- [Data]:
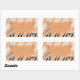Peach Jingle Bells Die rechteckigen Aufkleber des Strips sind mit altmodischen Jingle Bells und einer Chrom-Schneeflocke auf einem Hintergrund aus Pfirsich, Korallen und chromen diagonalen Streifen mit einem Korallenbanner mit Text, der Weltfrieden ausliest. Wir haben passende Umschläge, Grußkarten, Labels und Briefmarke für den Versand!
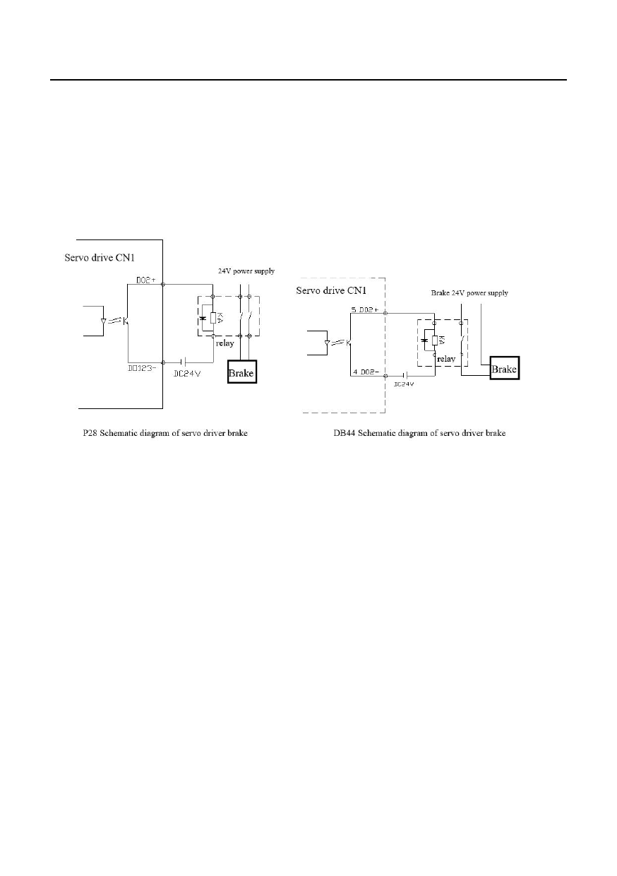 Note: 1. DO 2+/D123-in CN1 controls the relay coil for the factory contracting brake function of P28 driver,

* * *

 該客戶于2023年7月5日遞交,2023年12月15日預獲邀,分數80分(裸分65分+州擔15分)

- [What you need to do]: Reproduce exactly the lines above starting at the line containing "Peach Jingle Bells" and ending at the line containing "Note: 1. DO", including both, but not the pictures.

- [Response to the exercise]:
Peach Jingle Bells Die rechteckigen Aufkleber des Strips sind mit altmodischen Jingle Bells und einer Chrom-Schneeflocke auf einem Hintergrund aus Pfirsich, Korallen und chromen diagonalen Streifen mit einem Korallenbanner mit Text, der Weltfrieden ausliest. Wir haben passende Umschläge, Grußkarten, Labels und Briefmarke für den Versand!
 Note: 1. DO 2+/D123-in CN1 controls the relay coil for the factory contracting brake function of P28 driver,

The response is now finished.